Without the pictures, repeat the listing character for character.

**PROVIDED ENTRIES:**
━━━━━━━━━━━━━━━━
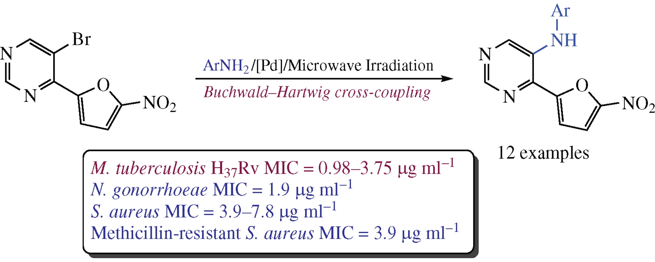 The Buchwald–Hartwig cross-coupling of 5-bromo-4-(furan-2-yl)pyrimidine with various anilines afforded the corresponding new 5-(arylamino)pyrimidines, the reaction being accelerated by microwave irradiation. Most of the obtained compounds proved to possess a high bacteriostatic in vitro effect against Mycobacterium tuberculosis H37Rv, Neisseria gonorrhoeae, and Staphylococcus aureus including Methicillin-resistant strain, which is stronger than that of the commercial drug Spectinomycin.
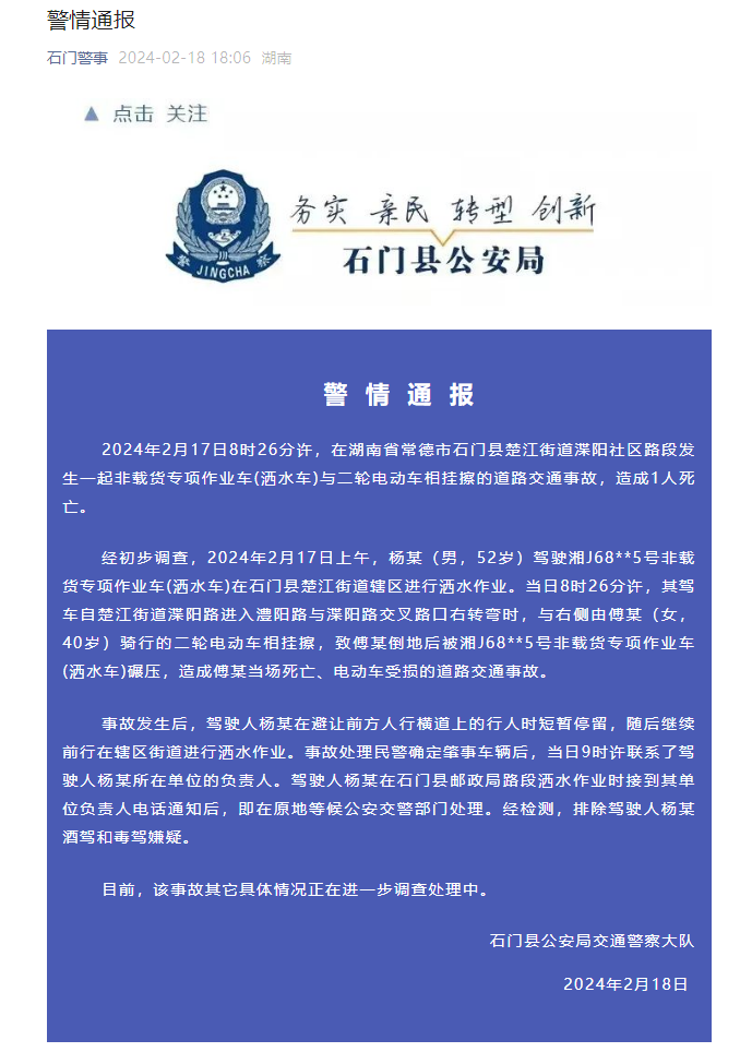 经初步调查,2024年2月17日上午,杨某(男,52岁)驾驶湘J68**5号非载货专项作业车(洒水车)在石门县楚江街道辖区进行洒水作业。当日8时26分许,其驾车自楚江街道渫阳路进入澧阳路与渫阳路交叉路口右转弯时,与右侧由傅某(女,40岁)骑行的二轮电动车相挂擦,致傅某倒地后被湘J68**5号非载货专项作业车(洒水车)碾压,造成傅某当场死亡、电动车受损的道路交通事故。
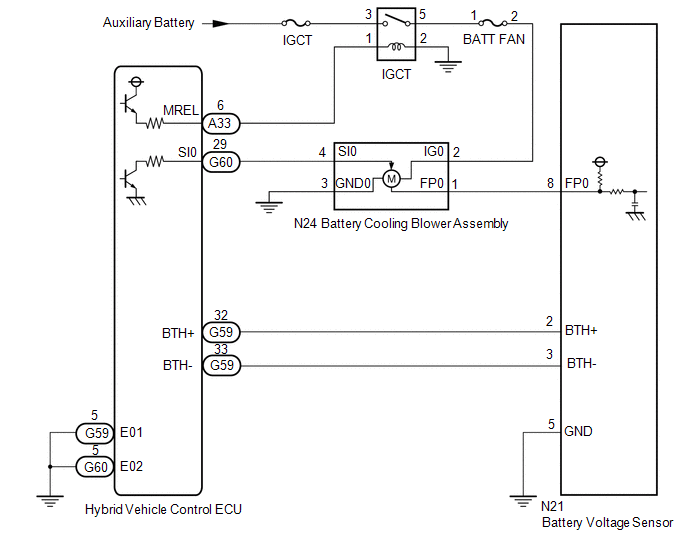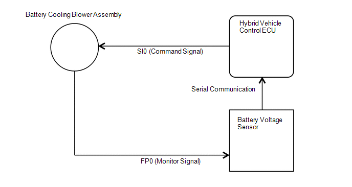 The battery cooling blower assembly speed is controlled by the hybrid vehicle control ECU. Power is supplied to the battery cooling blower assembly when the MREL terminal of the hybrid vehicle control ECU turns on the IGCT relay. The hybrid vehicle control ECU sends command signals (SI0) to the battery cooling blower assembly to adjust the fan speed to an appropriate speed for the HV battery temperature. The frequency (FP0) of the battery cooling blower assembly is sent to the hybrid vehicle control ECU via the battery voltage sensor as a monitor signal using serial communication.
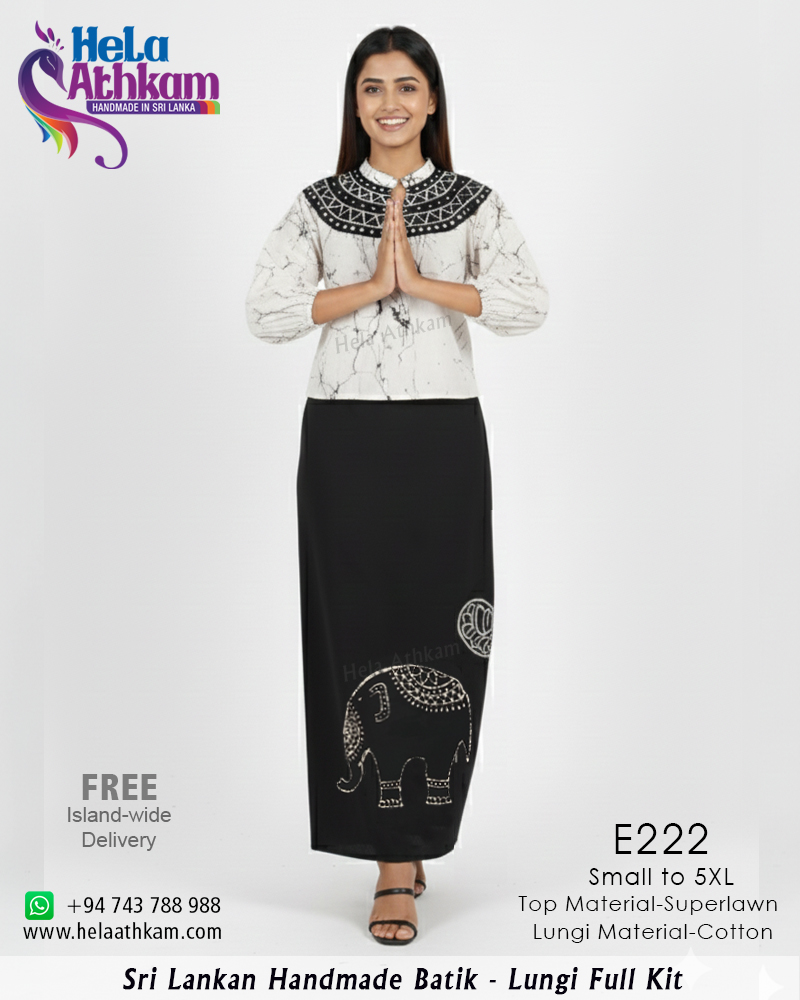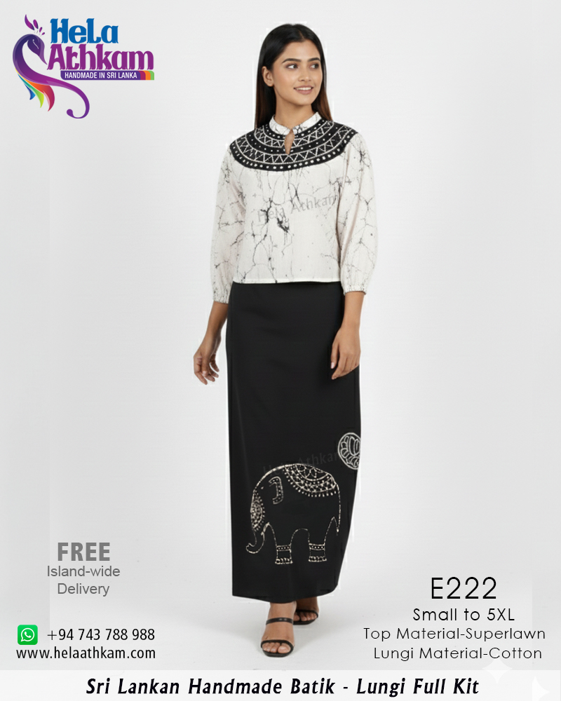 ශ්රී ලාංකීය සාම්ප්රදායික බතික් ක්රමශිල්ප භාවිතයෙන් 100% අතින් නිපැයූ උසස් තත්වයේ නියම දේශීය බතික් සම්පූර්ණ කාන්තා ලුන්ගි ඇඳුමක්.
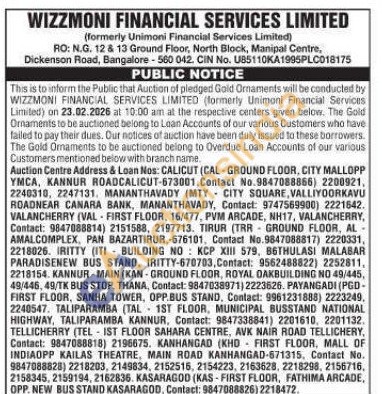 Wizzmoni Financial Services Limited Gold Auctions Auction in Bengaluru
━━━━━━━━━━━━━━━━
**RESULT:**
 The Buchwald–Hartwig cross-coupling of 5-bromo-4-(furan-2-yl)pyrimidine with various anilines afforded the corresponding new 5-(arylamino)pyrimidines, the reaction being accelerated by microwave irradiation. Most of the obtained compounds proved to possess a high bacteriostatic in vitro effect against Mycobacterium tuberculosis H37Rv, Neisseria gonorrhoeae, and Staphylococcus aureus including Methicillin-resistant strain, which is stronger than that of the commercial drug Spectinomycin.
 经初步调查,2024年2月17日上午,杨某(男,52岁)驾驶湘J68**5号非载货专项作业车(洒水车)在石门县楚江街道辖区进行洒水作业。当日8时26分许,其驾车自楚江街道渫阳路进入澧阳路与渫阳路交叉路口右转弯时,与右侧由傅某(女,40岁)骑行的二轮电动车相挂擦,致傅某倒地后被湘J68**5号非载货专项作业车(洒水车)碾压,造成傅某当场死亡、电动车受损的道路交通事故。
 The battery cooling blower assembly speed is controlled by the hybrid vehicle control ECU. Power is supplied to the battery cooling blower assembly when the MREL terminal of the hybrid vehicle control ECU turns on the IGCT relay. The hybrid vehicle control ECU sends command signals (SI0) to the battery cooling blower assembly to adjust the fan speed to an appropriate speed for the HV battery temperature. The frequency (FP0) of the battery cooling blower assembly is sent to the hybrid vehicle control ECU via the battery voltage sensor as a monitor signal using serial communication.
 ශ්රී ලාංකීය සාම්ප්රදායික බතික් ක්රමශිල්ප භාවිතයෙන් 100% අතින් නිපැයූ උසස් තත්වයේ නියම දේශීය බතික් සම්පූර්ණ කාන්තා ලුන්ගි ඇඳුමක්.
 Wizzmoni Financial Services Limited Gold Auctions Auction in Bengaluru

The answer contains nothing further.